A veces subía al coche y esperaba ante el hotel Saint Charles sólo para poder verlas durante un segundo. La última vez, había conseguido su objetivo. Hope y Glory salieron del hotel, y durante un segundo el sol iluminó sus rostros. El simple hecho de verlas la llenó de alegría. Pero no era suficiente. Las necesitaba, y su querencia rota la carcomía día y noche.

Cerró los dedos. Sólo había deseado una cosa: que su hija tubiera una buena vida, una vida alejada de la que ella había llevado. Y lo había conseguido. Hasta comprendía que su hija no quisiera saber nada sobre ella. Quería mantener las distancias, y entendía su actitud aunque le hubiera negado a Glory la posibilidad de conocer a su abuela, aunque se avergonzara de ella.

No en vano, Lily también se avergonzaba de sí misma.

Aunque la prostitución fuera, en el fondo, un trabajo como otro cualquiera. Un trabajo que, como todos, generalmente no se le elegía.

Sin embargo, su capacidad de comprensión no aliviaba el dolor que sentía. Sabía que hasta el día de su muerte estaría condenada a sufrir de nostalgia, a llorar lo que había perdido, a vivir sola.

Al llegar al final del camino, detuvo el vehículo.

– Ya hemos llegado.

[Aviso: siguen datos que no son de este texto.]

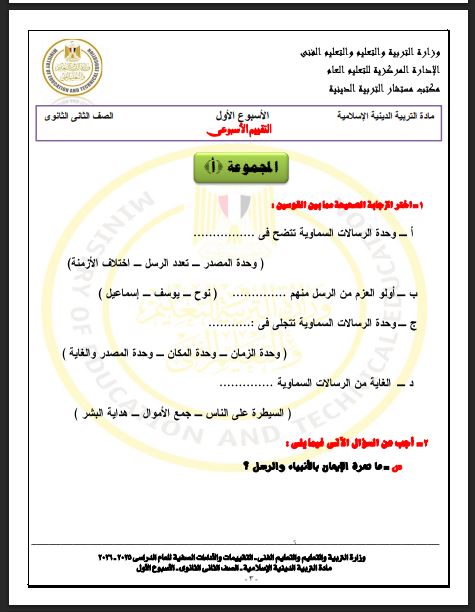 - التقييم الاسبوعي للصف الثاني الثانوي التربية الاسلامية
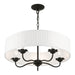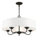 The five-light Edinburgh pendant chandelier combines floral details and casual elements to create an updated look. The hand-crafted off-white fabric hardback pleated drum shade is set off by an inner silky white fabric that combines with chandelier-like black finish sweeping arms which creates a versatile effect. Perfect fit for the living room, dining room, kitchen or bedroom.
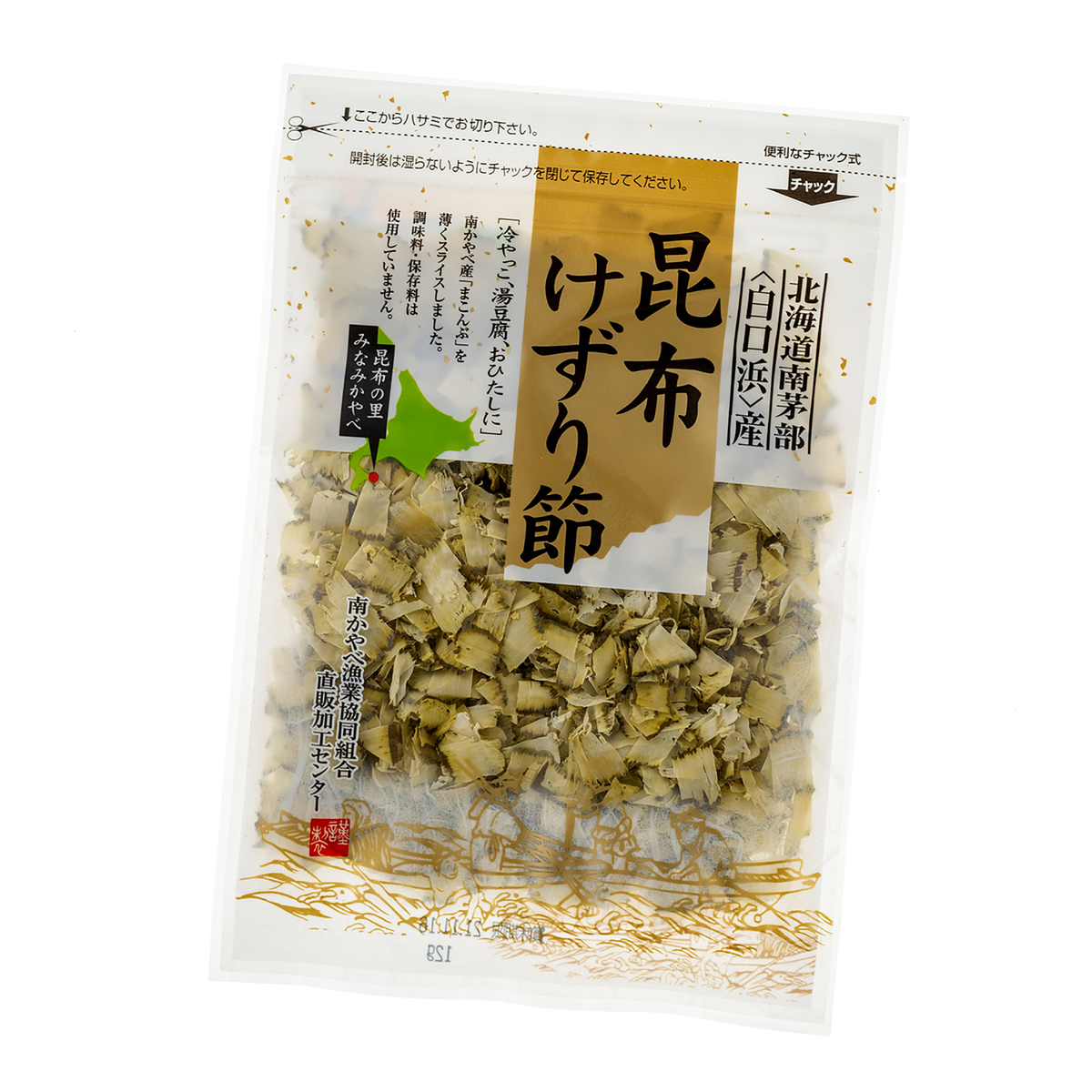 北海道南かやべ産の"まこんぶ"を使用した昆布けずり節。冷やっこや湯どうふ、おひたし、お好み焼き等にふりかけたり、和・洋・中様々なお料理の調味料として幅広くご利用いただけます

Espera. Te ayudaré a salir.

– Puedo hacerlo solo.

– Muy bien.

Lily salió del vehículo y Víctor la miró, pero no dijo nada.

Era un chico muy obstinado. No obstante, la mujer sintió una profunda admiración por su actitud. Aun herido y asustado se mantenía en sus trece.

Había conocido a otras personas como él, a las que también había ayudado. Chicos solos, hombres solos. Y comprendía su comportamiento.

Entraron en la casa por la puerta de atrás. Lily encendió la luz de la cocina. Entonces vio que tenía una gran mancha de sangre en el muslo izquierdo.

– Siéntate aquí -dijo, asustada-. Voy a buscar unas vendas.

– Me prometió que no llamaría a nadie…

– Lo sé. No te preocupes -lo miró-. Vuelvo enseguida.

Minutos más tarde regresó con un poco de alcohol, vendas y una toalla de baño. Llenó un bol con agua templada y mojó la toalla.

– Tendrás que quitarte los pantalones. No podré curarte la herida si no lo haces.

El chico se ruborizó.

– Señora, no pienso quitarme los pantalones.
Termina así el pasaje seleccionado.